Your objective
Begin with the line below holding "Language: English Language" and go on through the line holding "Calendario Perpetuo Nautico", duplicating each line exactly and leaving out pictures.

Data for processing
▼▼▼
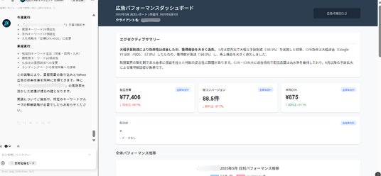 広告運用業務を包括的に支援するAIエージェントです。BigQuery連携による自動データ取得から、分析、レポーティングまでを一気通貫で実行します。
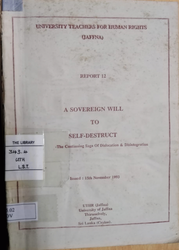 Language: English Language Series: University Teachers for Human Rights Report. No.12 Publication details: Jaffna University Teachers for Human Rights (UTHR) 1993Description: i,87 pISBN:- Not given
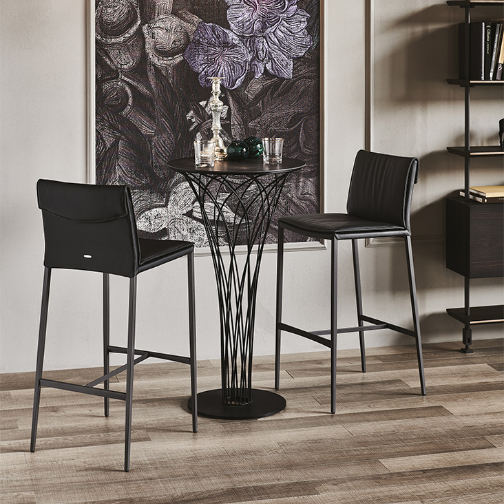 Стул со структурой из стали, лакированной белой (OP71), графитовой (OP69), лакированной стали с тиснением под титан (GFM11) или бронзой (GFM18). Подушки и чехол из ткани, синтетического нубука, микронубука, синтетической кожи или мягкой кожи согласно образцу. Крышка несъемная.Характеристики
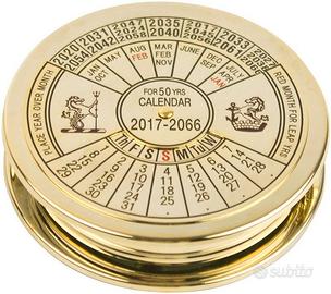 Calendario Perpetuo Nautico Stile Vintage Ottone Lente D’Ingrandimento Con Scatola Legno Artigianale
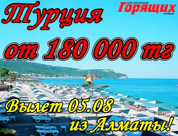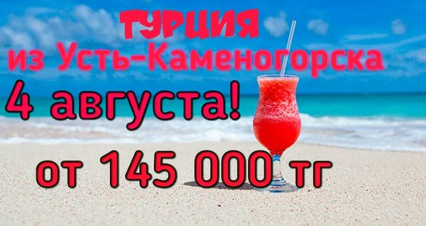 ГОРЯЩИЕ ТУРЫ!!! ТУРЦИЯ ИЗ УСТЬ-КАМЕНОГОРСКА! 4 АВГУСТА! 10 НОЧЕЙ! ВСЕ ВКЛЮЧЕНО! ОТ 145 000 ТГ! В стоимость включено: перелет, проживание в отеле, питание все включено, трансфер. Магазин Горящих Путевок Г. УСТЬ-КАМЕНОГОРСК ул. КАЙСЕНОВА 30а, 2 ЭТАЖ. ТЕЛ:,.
▲▲▲
▼▼▼
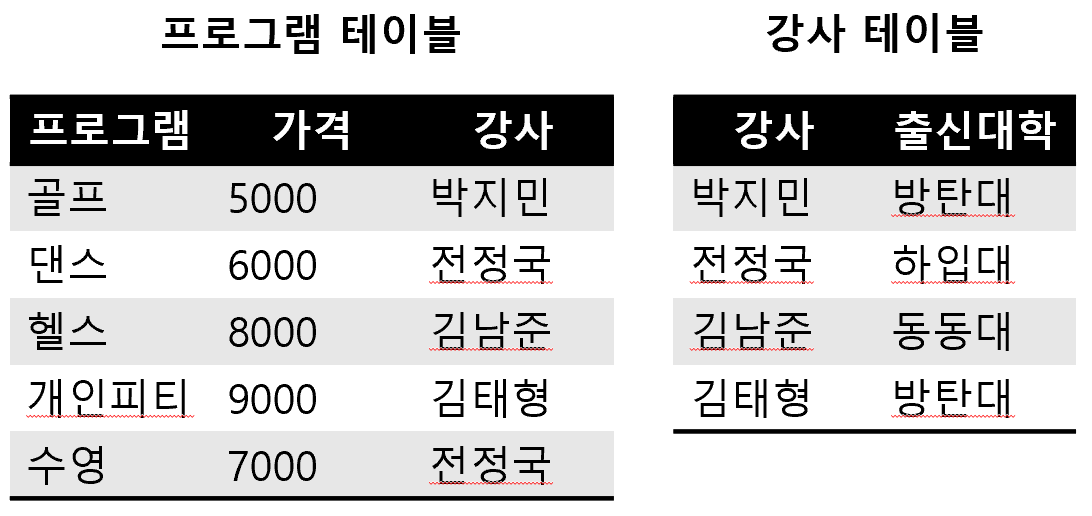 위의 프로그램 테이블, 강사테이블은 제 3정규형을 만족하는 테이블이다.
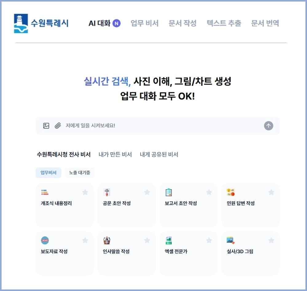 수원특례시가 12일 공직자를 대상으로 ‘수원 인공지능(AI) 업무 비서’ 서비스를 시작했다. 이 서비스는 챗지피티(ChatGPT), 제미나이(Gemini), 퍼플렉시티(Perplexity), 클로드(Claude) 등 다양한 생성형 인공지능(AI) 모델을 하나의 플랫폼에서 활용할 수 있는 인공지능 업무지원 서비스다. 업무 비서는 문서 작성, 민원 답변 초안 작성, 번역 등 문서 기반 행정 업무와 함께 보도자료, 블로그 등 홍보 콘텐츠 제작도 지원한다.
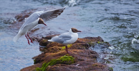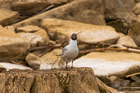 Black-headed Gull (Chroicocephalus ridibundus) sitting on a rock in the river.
▲▲▲
▼▼▼
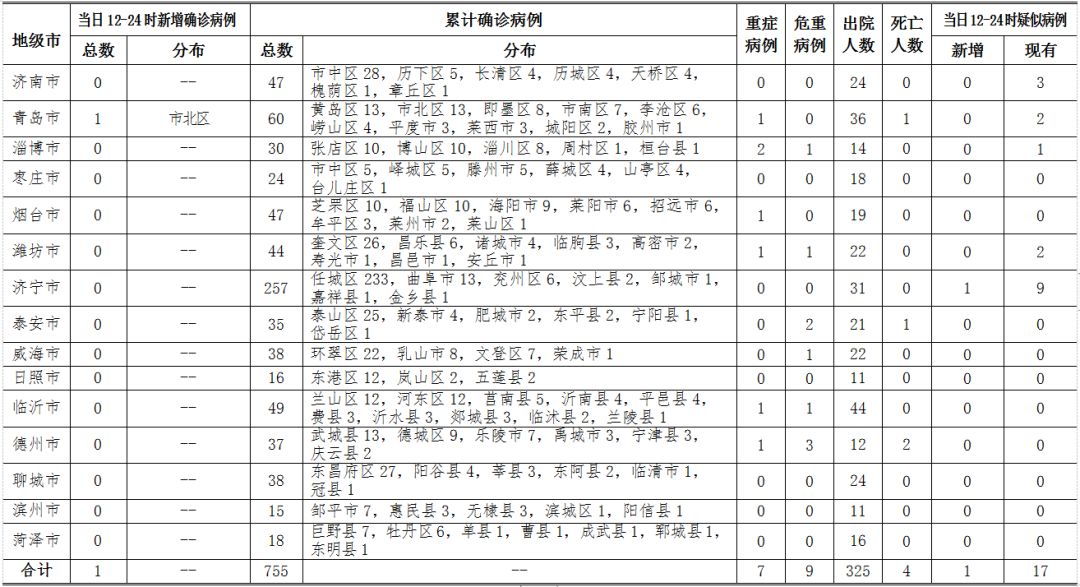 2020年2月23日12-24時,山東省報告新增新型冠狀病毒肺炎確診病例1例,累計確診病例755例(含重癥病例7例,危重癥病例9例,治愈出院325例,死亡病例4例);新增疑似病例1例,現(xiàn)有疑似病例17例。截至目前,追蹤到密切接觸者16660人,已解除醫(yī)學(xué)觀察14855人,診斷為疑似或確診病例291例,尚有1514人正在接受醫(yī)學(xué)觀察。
▲▲▲
Solution to this task
 Language: English Language Series: University Teachers for Human Rights Report. No.12 Publication details: Jaffna University Teachers for Human Rights (UTHR) 1993Description: i,87 pISBN:- Not given
 Стул со структурой из стали, лакированной белой (OP71), графитовой (OP69), лакированной стали с тиснением под титан (GFM11) или бронзой (GFM18). Подушки и чехол из ткани, синтетического нубука, микронубука, синтетической кожи или мягкой кожи согласно образцу. Крышка несъемная.Характеристики
 Calendario Perpetuo Nautico Stile Vintage Ottone Lente D’Ingrandimento Con Scatola Legno Artigianale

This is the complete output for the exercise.